The policy brief notes that the current foreign trade policy and the foreign trade policy statement are gender neutral. It is recommended that the upcoming Foreign Trade Policy which is slated for 2021-2026be used to mainstream gender in the national trade agenda. The recognition of the gender specific impediments and vulnerabilities that women entrepreneurs face should be reflected in both the vision and strategy, with a holistic focus on export promotion, integration in global value chains (GVCs), ease of doing business, and trade facilitation just as MSMEs have been explicitly acknowledged to have strategic significance, especially with regard to manufacturing and employment generation, and are accordingly identified for focussed interventions to boost exports.



To steer coordinated support to women entrepreneurship the policy brief recommends the setting up of an apex National Council for Women’s Entrepreneurship under the Chairmanship of the Prime Minister. Further, collection of gender disaggregated data and statistics on trade participation and performance as well as regular gender stakeholder consultations are vital for informed policy making and impact assessment. These should be an integral part of the institutional set-up across the gamut of relevant ministries, allied regulatory agencies, export promotion councils, specific product promoting boards etc.

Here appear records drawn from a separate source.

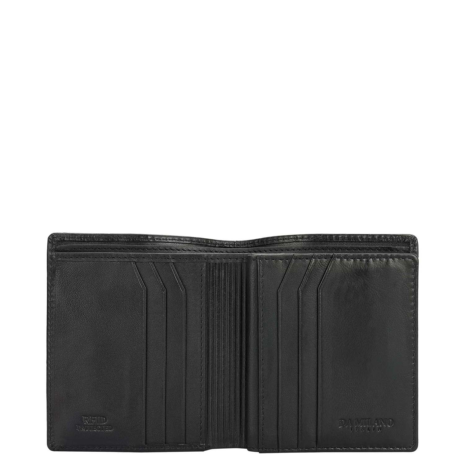 Crafted from textured leather, Da Milano men's bifold wallet offers a compact yet stylish design. Featuring easy-to-organize compartments, card slots, and pockets, it combines practicality with elegance. Subtle branding on the front enhances its refined appearance.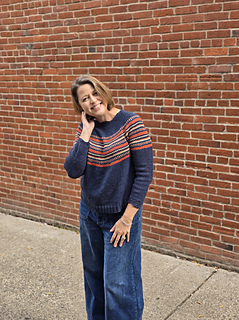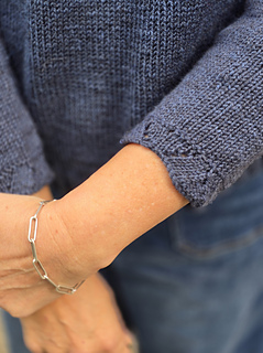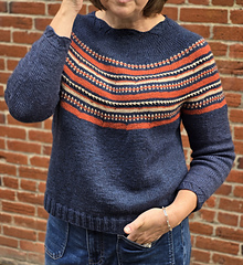 This top-down, seamless pullover begins with a sweet lace collar, that leads into a circular yoke with three-color details. The yoke, body and sleeves are all worked in the round. The sleeve cuffs can be worked with a grafted lace to match the scalloped neckline, or a simpler ribbed edge.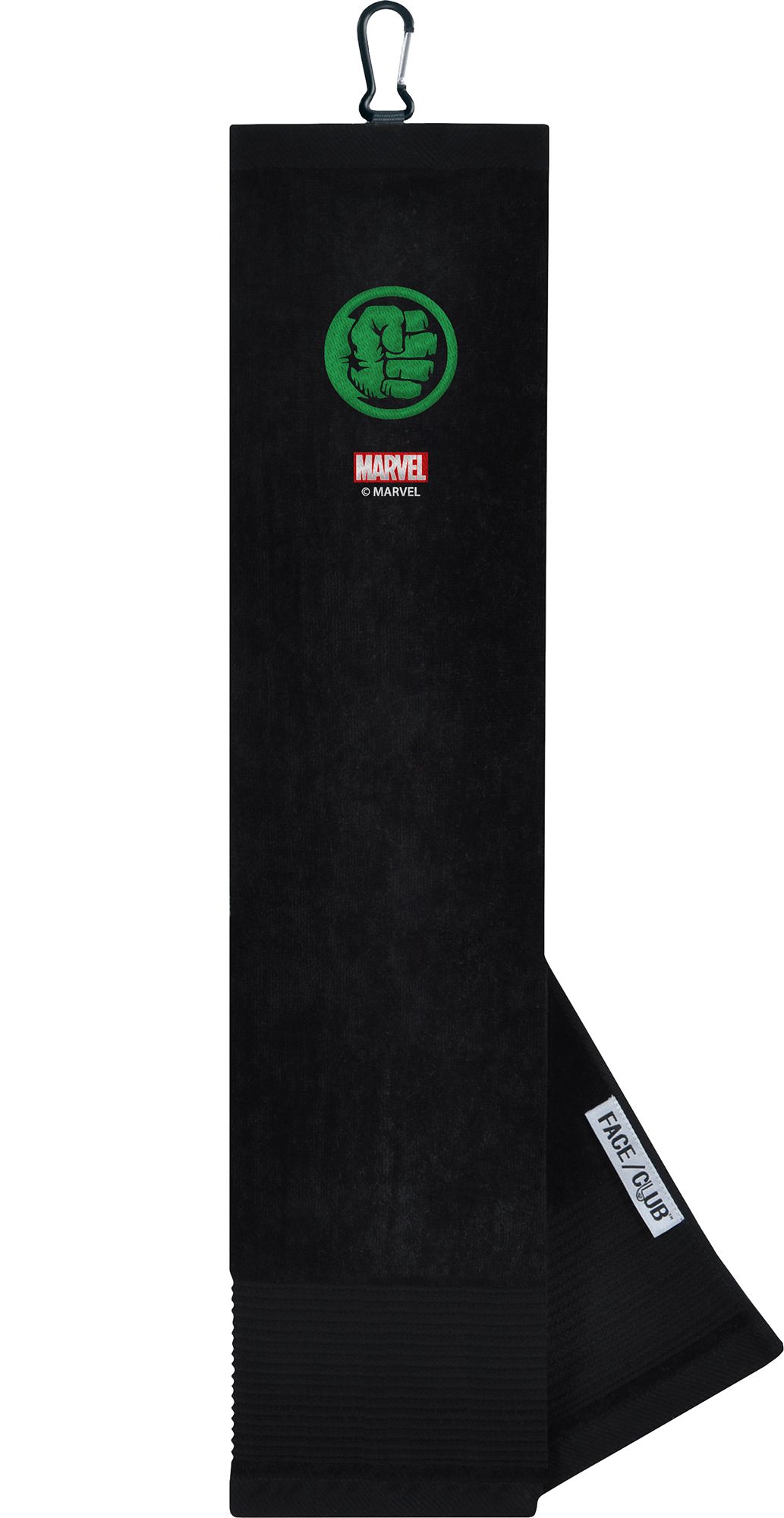 Ingenuity meets versatility to form the Team Effort Embroidered Face/Club Tri-Fold Towel. This dual-textured towel features woven ribs designed to remove dirt from your clubs and a highly absorbent, sheared velour panel to wick away moisture. A carabineer clip located on top secures the towel to your bag or cart for maximum convenience. Boldly embroidered, full-color trademarks show everyone on the course your fandom.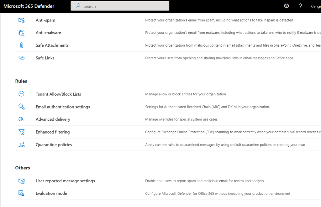 Exchange Online e-posta kullanıcıları için Phishing, Spam gibi zararlı e-postaları engellemek için filtrelemelerle hizmet vermektedir.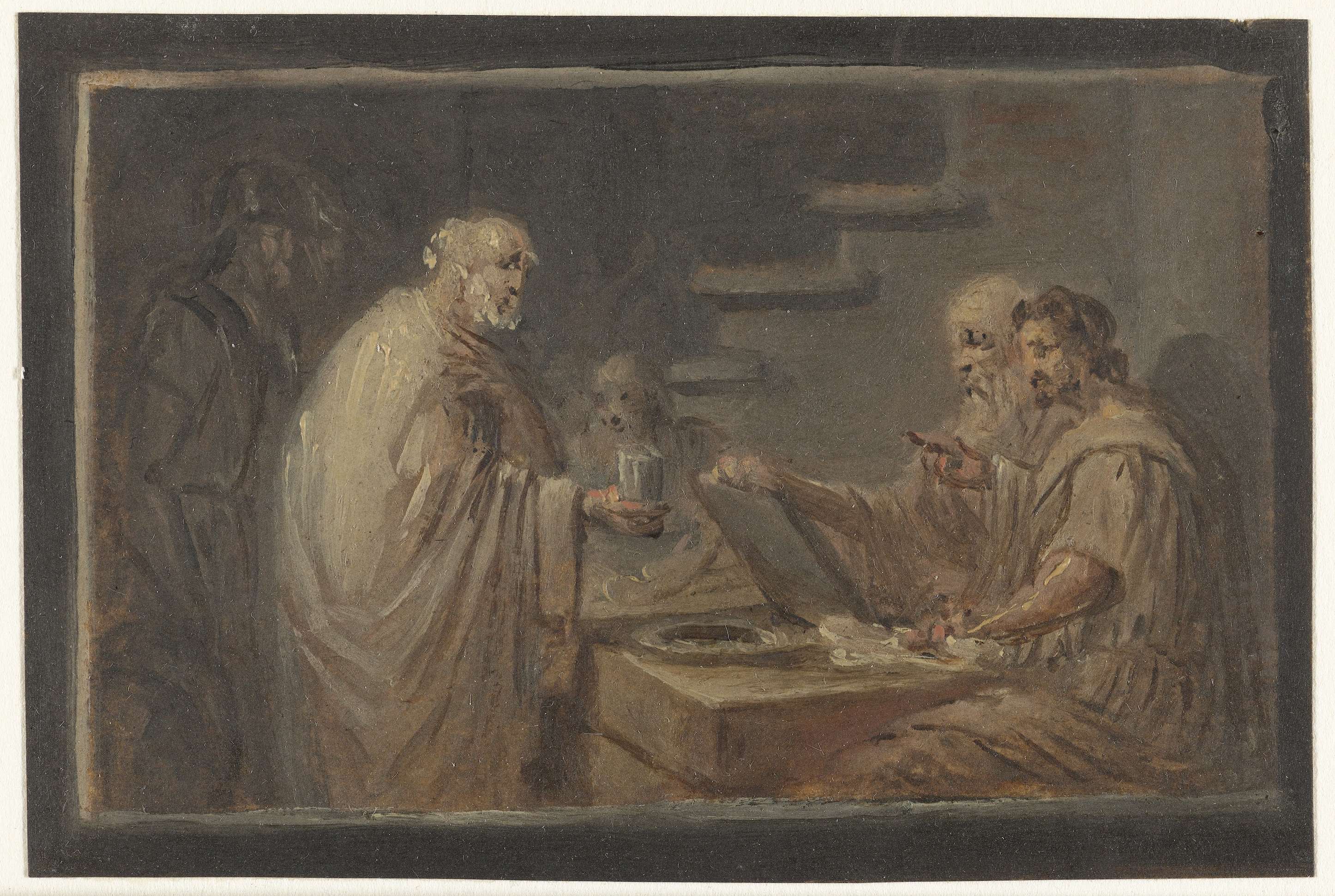 Man staande voor een tafel, waarachter twee mannen zitten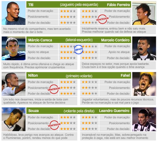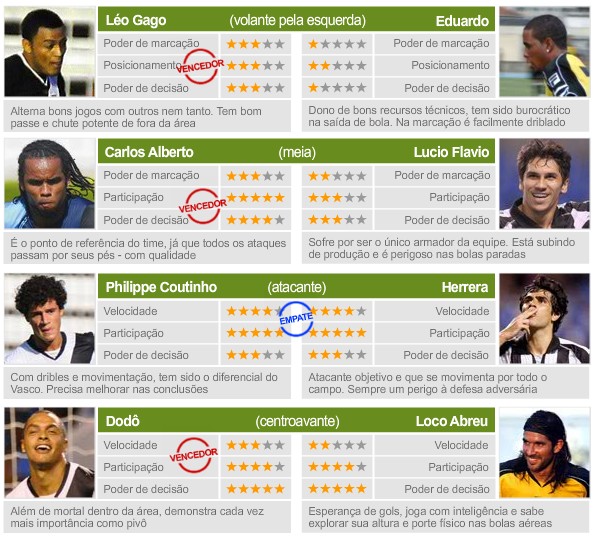 Botafogo: Apesar de jogar com três volantes, o Alvinegro demonstra fragilidade, principalmente porque falta qualidade. Fahel, hoje mais próximo da defesa, é voluntarioso, mas limitado. Esforçado na marcação, pouco acrescenta quando está com a bola nos pés. Eduardo, mais habilidoso, tornou-se um jogador burocrático depois da péssima atuação na goleada sofrida justamente para o Vasco. Arrisca pouco e é facilmente driblado. Assim, Leandro Guerreiro fica muito mais exposto na marcação, pois tem de desdobrar não apenas no meio, mas também na cobertura ao lateral-esquerdo Marcelo Cordeiro, que apoia bastante. Outro sacrificado é Lucio Flavio, que fica como único responsável pela criação de jogadas.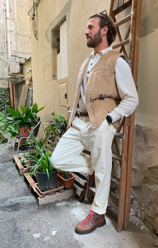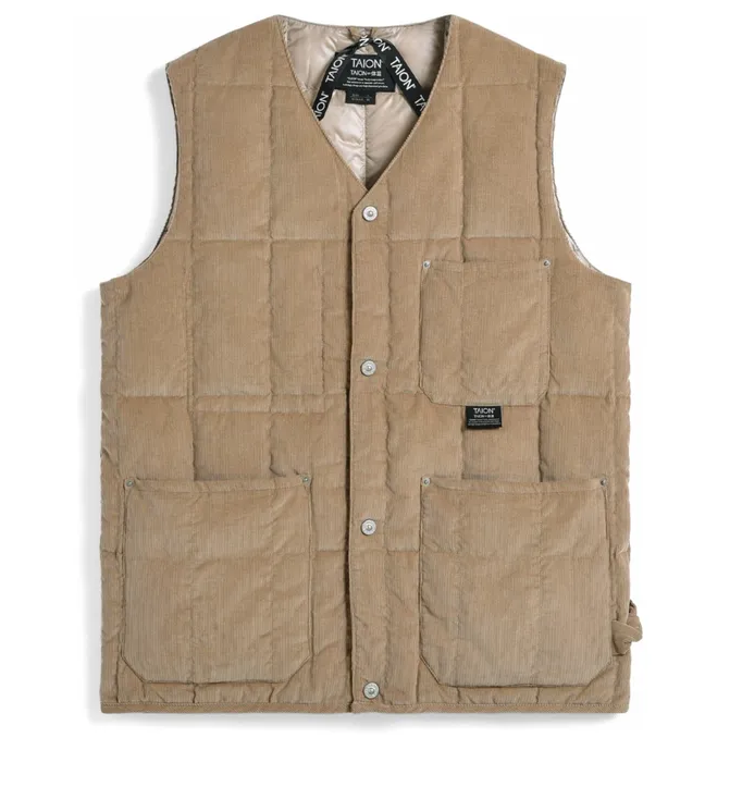 Taion gilet in velluto beige 001 BNK CT BIEGE GILET VELLUTO BEIGE esterono 100% cotone esterno imbottituta 100% piuma soft fodera 100% poliestere Made in china DETTAGLI – Tessuto esterno in velluto a coste – Imbottitura in piuma d’oca 800 FP di alta qualità – Abbottonatura frontale con bottoni YKK in metallo (con logo TAION in rilievo) – Aree rinforzate con rivetti YKK in metallo – Passante per martello sul lato sinistro – Tasca con patta sulla schiena sinistra. – Tasche applicate sul petto a sinistra e su entrambi i fianchi. – Tasca nascosta applicata sulla schiena destra. – Borsa portaoggetti inclusa. Si ripone in modo compatto ed è facile da trasportare. Ideale per uscire o viaggiare.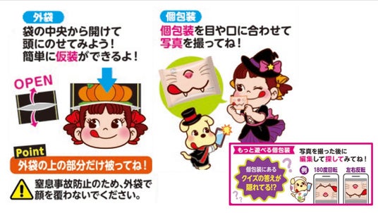 ・キャンディを食べた後の個包装を手に持って友達やペットの顔をのぞくと仮装しているように見える仕掛け付き

With gender equality considerations gaining traction in bilateral and multilateral trade discussions and agreements, India should also include women entrepreneurs as important stakeholders in domestic consultations on free trade agreements and their aspirations and concerns should be reflected in the final texts through gender responsive provisions. Traditionally India has been wary of linking non-trade/progressive issues such as human rights, labour standards, gender, and environment with trade, both bilaterally and multilaterally, by and large regarding them as ‘veiled protectionism’. However, with the global discourse veering towards inclusiveness in trade and sustainability, more so in the context of the COVID 19 pandemic, India should embrace a more flexible and pragmatic approach and not lag behind the curve.